WASHINGTON/LONDON, Nov 22 (Reuters) – Wall Street shares rose to record levels on Monday and European stocks turned higher after U.S. President Joe Biden picked Jerome Powell to continue as Federal Reserve chair, in a move welcomed as a signal of stability by global investors.
The S&P 500 rose 0.92% to 4,741.35 and the Nasdaq Composite 0.81% to 16,188.17 by 10:35 a.m. EST (1535 GMT). The Dow Jones Industrial Average rose 251.02 points, or 0.71% to 35,853.
Biden nominated https://www.reuters.com/markets/us/powell-tapped-second-term-fed-chair-2021-11-22 Powell as Chair and Lael Brainard, the other top candidate for the job, as vice chair. Powell’s current term has proven positive for risk assets, with the S&P gaining 69.7% since his appointment.
The U.S. dollar rose 0.34% against a basket of other major currencies.
European stocks were also higher after the news. Earlier they had been hit as traders weighed the likely impact of fresh European COVID-19 restrictions on economic prospects.
Europe’s STOXX 600 equity benchmark clawed back its losses to rise 0.26%, while an MSCI gauge of European shares was down 0.5%.
Germany’s acting Chancellor Angela Merkel was quoted as saying that Europe’s biggest economy needs tighter measures to control coronavirus infections.
Merkel told officials from her CDU party that the situation is “highly dramatic,” Bloomberg News reported, and warned that hospitals would soon be overwhelmed unless the fourth wave of the pandemic is broken.
“The recent wave of new COVID cases in Europe is weighing on the markets and the currency is also struggling with interest rate expectations,” said John Marley, CEO of consultancy forexxtra.
Austria powered down public life on Monday as its fourth national COVID-19 lockdown began, the first in a western European country.
High frequency data has already shown the European economy struggling to gain traction relative to its U.S. counterpart.
Though equity analysts have kept their bullish European stock market recommendations for now, investors are closely watching sectors such as travel, hotels and banks. The travel and leisure index was Monday’s top decliner in trading.

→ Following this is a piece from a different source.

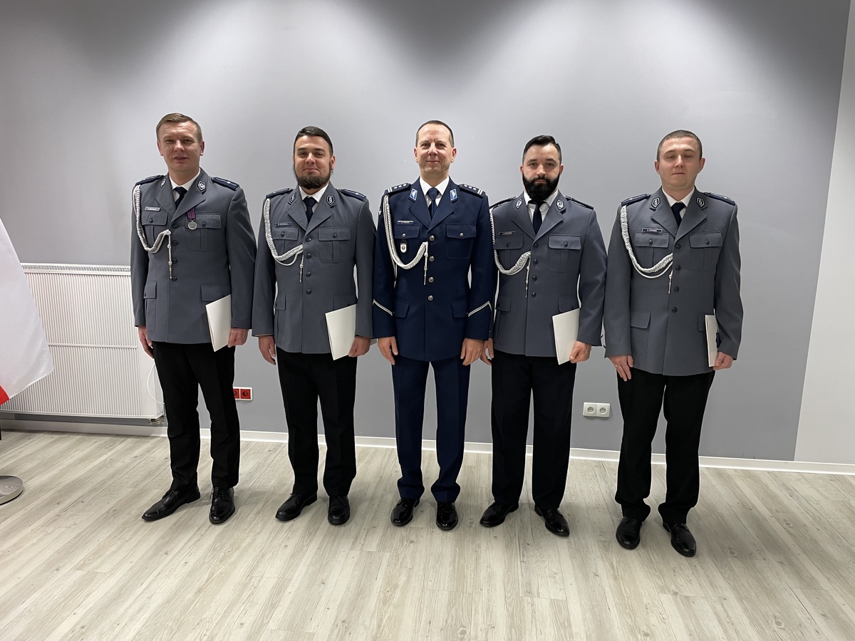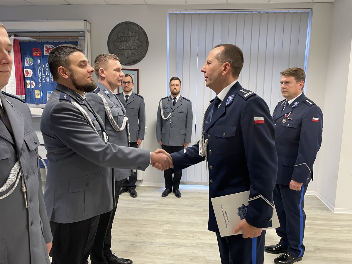 Podwyższanie swoich kwalifikacji i umiejętności zawodowych jest dla policjantów bardzo ważnym elementem ich służby. Udział w różnych kursach i szkoleniach pozwala funkcjonariuszom jeszcze profesjonalniej wykonywać każde zadanie służbowe, ale jest także otwarciem drogi do awansu na wyższe stopnie i stanowiska. Dzisiaj w Komendzie Powiatowej Policji w Stargardzie odbyła się uroczystość wręczenia aktów mianowania na stopień młodszego aspiranta Policji. Wyróżnionych zostało 4 policjantów, którzy poprzez swoją sumienność, zaangażowanie i profesjonalizm w codziennej służbie zasłużyli na ten ważny krok w swojej karierze zawodowej. Akty mianowania wręczył insp. Sławomir Bober, Komendant Powiatowy Policji w Stargardzie, w obecności swojego Zastępcy i przełożonych mianowanych policjantów. Komendant podziękował awansowanym funkcjonariuszom za wzorowe i rzetelne wypełnianie obowiązków służbowych podkreślając, że awans jest ważnym krokiem w karierze służbowej policjantów, a jednocześnie dowodem uznania za ciężką pracę i wysiłek wkładany w realizację zadań służbowych. W swoim wystąpieniu insp. Sławomir Bober złożył policjantom serdeczne życzenia dalszych sukcesów zawodowych oraz satysfakcji ze służby.

MSCI’s broadest index of Asia-Pacific shares outside Japan rose 0.28%. An Asian gauge was down 0.23%.
The euro fell 0.45% and touched a more than 16-month low. The common currency has been the prime mover in markets over recent sessions as investors bet that Europe’s economy will lag the U.S. recovery.
U.S. Treasury yields rose following Powell’s renomination. The two-year yield, which typically moves in step with interest rate expectations, traded up at 0.5578% and hit its highest level since early March 2020.
Fed Vice Chair Richard Clarida said last week that quickening the pace of tapering might be worth discussing at December’s meeting. Minutes of the Fed’s November meeting are due for release on Wednesday.
In commodities, gold prices were down, under pressure from a stronger dollar and faster Fed taper bets. Spot gold dropped 1.6% after sinking to $1,811.00 an ounce, its lowest since Nov. 5.
Oil prices reversed earlier losses but were still under pressure as the rising COVID-19 cases in Europe and a potential release of Japanese and Indian oil reserves raised concerns about both oversupply and weak demand.
Brent crude was last up 0.9% at $79.6 a barrel and U.S. crude rose 0.86% to $76.59 per barrel.
Bitcoin was down 0.76% after posting its worst week in two months last week.